News that some advanced practice physios will be able to prescribe drugs without a doctor overseeing their decision is a major advance for the profession. Lynn Eaton finds out more
David Baker, who at London's St Leonard's Hospital, has been a supplementary prescriber since 2008
A huge sigh of relief went up as - after years of hard work and behind-the-scenes negotiation - ministers finally gave the green light this week to independent prescribing.
The decision not only marks a major step forward for the status of the profession, it could mean the transformation of the patient's experience of care.
David Baker, who works in a chronic pain clinic at London's St Leonard's Hospital in Hackney, is delighted at the news. He already has supplementary prescribing rights and knows which drugs will help his patients. But he still needs a doctor to sign the prescription. The situation is frustrating for him - and can mean his patients suffer unnecessarily.

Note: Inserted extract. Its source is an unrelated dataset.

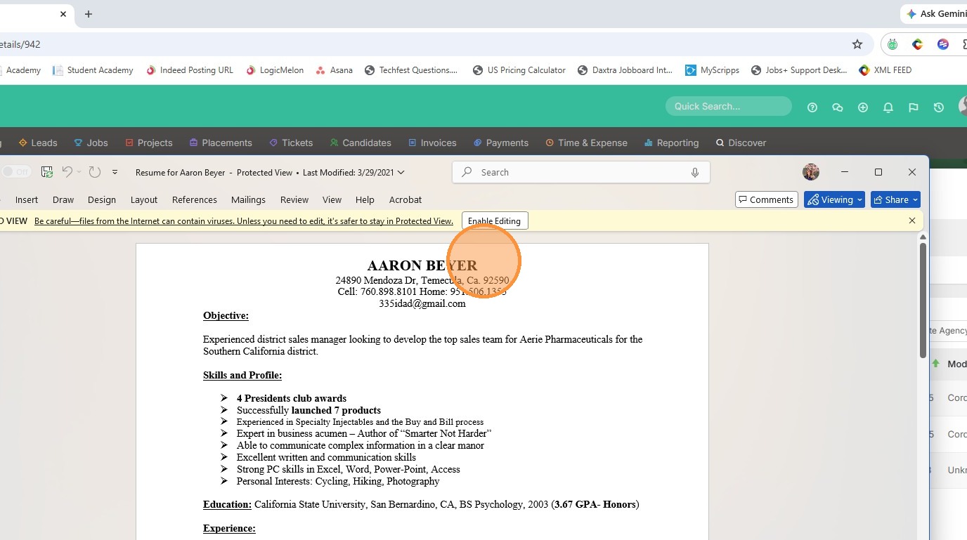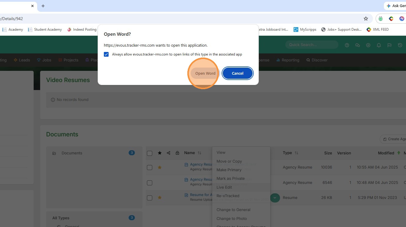 3. Open the document in word.

'Just the other week, we had a patient come in with severe back pain. He'd been sent for an MRI scan, but was on completely inadequate analgesia - just a low dose codamine that wasn't even touching his pain.'
Mr Baker wanted to give his patient something more appropriate, but the pain clinic only has a consultant present one day a week and the doctor wasn't in that day. So he tried to call the patient's GP. It took him ages to get through to the surgery, only to establish that the GP wouldn't be available until the following week and that, because no other GP knew the patient, no-one else could approve the treatment Mr Baker proposed.
'It would have been so much better if I could have just made the decision, given the patient the drugs, then have told the GP afterwards what I'd done,' he says.

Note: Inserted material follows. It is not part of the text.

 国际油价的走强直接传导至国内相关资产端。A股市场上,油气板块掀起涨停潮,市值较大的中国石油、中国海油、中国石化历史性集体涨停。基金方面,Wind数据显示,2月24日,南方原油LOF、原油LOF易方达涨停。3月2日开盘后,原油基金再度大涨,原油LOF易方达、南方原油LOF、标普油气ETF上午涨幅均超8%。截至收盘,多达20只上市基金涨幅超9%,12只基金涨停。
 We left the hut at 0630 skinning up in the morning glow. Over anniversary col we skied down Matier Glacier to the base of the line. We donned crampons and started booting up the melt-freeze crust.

Mr Baker became a supplementary prescriber in 2008. 'Working in a chronic pain unit, it was an obvious string to our bow,' he says. 'It struck me how little most physios know about medication, yet virtually everybody we see is in pain.'
Quick facts on independent prescribing
- Can all physios potentially become independent prescribers? No. They will mainly be working in advanced practitioner roles - especially in respiratory, neuro, women's health and chronic pain. They'll need to show they have appropriate clinical governance in place and that there is a specific need for this service.
- What will the training be? It's likely to be similar to that already available for people training for supplementary medicine prescribing. Several universities offer courses that tend to be about six months in length, part-time. Those already trained as a supplementary prescriber will need to do a conversion course before they become an independent prescriber.
- When will the courses start? The HCPC will need to approve any new course. Realistically this process means it is unlikely any independent prescribing course will be available before September 2013, with the first independent prescribers coming through in 2014.
- How much will they cost? Those who are self-funding can expect to pay at least £2,000. However, many physios in the NHS would be funded through their employer, who would be likely to receive a preferential rate for a block booking.
Now 60 per cent of GP referrals come direct to his clinic rather than going to the consultant first - a sign of the confidence doctors have in the service. But independent prescribing will make things even better he believes.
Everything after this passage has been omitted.